If there is a $k$ so that $a_k\lt\lim\limits_{n\to\infty}a_n$, then $\inf\limits_{n\ge0}a_n\lt\lim\limits_{n\to\infty}a_n$. Since the limit exists, there is an $n_0$ so that $$ n\ge n_0\implies a_n\ge L=\frac12\left(\inf_{n\ge0}a_n+\lim_{n\to\infty}a_n\right)\tag1 $$ Thus, there are only a finite number of terms where $a_n\lt L$. Since an infimum over a compact set is attained, there must be an $n_1$ so that $a_{n_1}=\inf\limits_{n\ge0}a_n$.
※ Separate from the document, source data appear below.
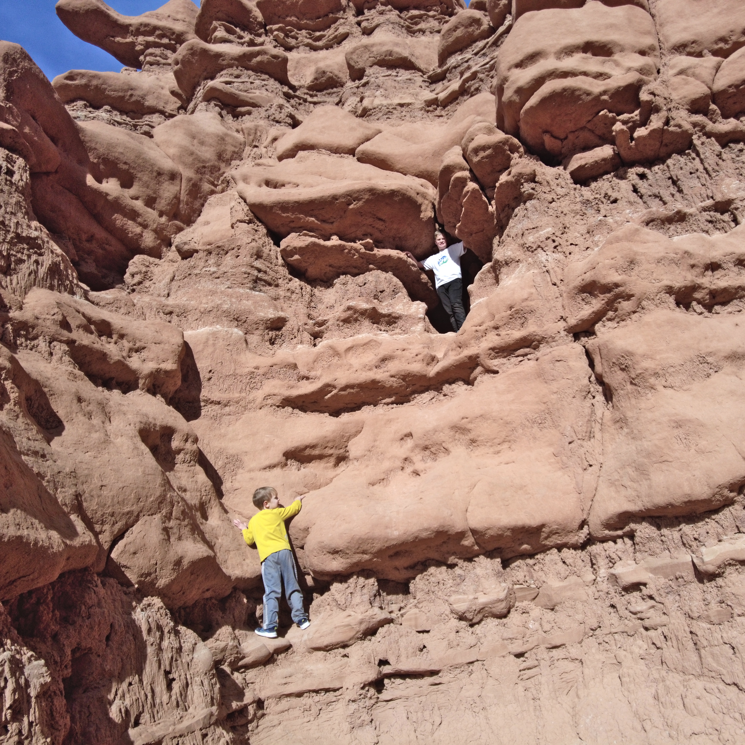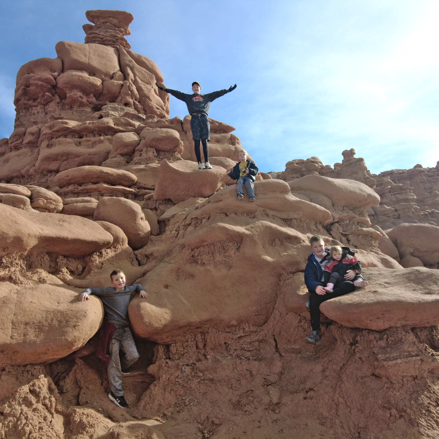 We spent the last day of Christmas break on an adventure. I let the kids choose from several options, and they went with Goblin Valley. Because it’s a giant playground. We played games, explored, and climbed, and had a great time. Henry is the one going off and exploring the most, Zack wants his picture taken, Curtis is the hide-and-seek winner, and Peter likes games better than taking in the scenery.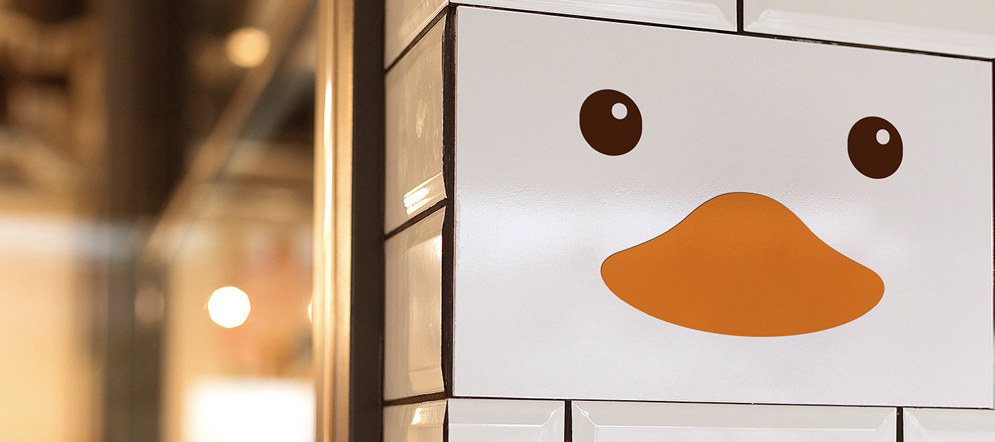 便于鴨子形象的直觀傳播,我們也為莊里鴨創(chuàng)作了品牌IP圖形,以鴨子的面部特征進行直觀體現(xiàn),省略鴨子的身體,放大嘴部特征,越簡單的圖形越容易引起重復(fù)記憶,我們將鴨子面部造型打造成品牌專屬IP形象,形成視覺錘,具有極強的專屬性與識別性,深刻刻印在消費者心智中。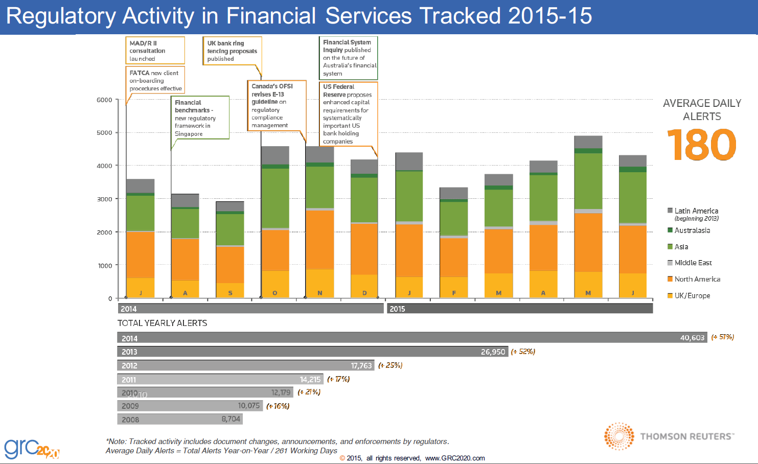 Managing this dynamic and intricate nature of change is driving organizations toward improving their approach to regulatory change management as a defined process and integrated part of a GRC strategy within the organization. Organizations are past the point of treading water as they actively drown in regulatory change from turbulent waves of laws, regulations, enforcement actions, administrative decisions, and more around the world. Regulatory compliance and reporting is a moving target as organizations are bombarded with thousands of new regulations and changes to existing regulations each year.

That is, the infimum is attained.

Case $\bf{2}$:

If there is a $k$ so that $a_k\gt\lim\limits_{n\to\infty}a_n$, then $\sup\limits_{n\ge0}a_n\gt\lim\limits_{n\to\infty}a_n$. Since the limit exists, there is an $n_0$ so that $$ n\ge n_0\implies a_n\le L=\frac12\left(\sup_{n\ge0}a_n+\lim_{n\to\infty}a_n\right)\tag2 $$ Thus, there are only a finite number of terms where $a_n\gt L$. Since a supremum over a compact set is attained, there must be an $n_1$ so that $a_{n_1}=\sup\limits_{n\ge0}a_n$.

That is, the supremum is attained.

Case $\bf{3}$:

If neither Case $1$ nor Case $2$ hold, then for all $k$, $a_k=\lim\limits_{n\to\infty}a_n$.

That is, both supremum and infimum are attained.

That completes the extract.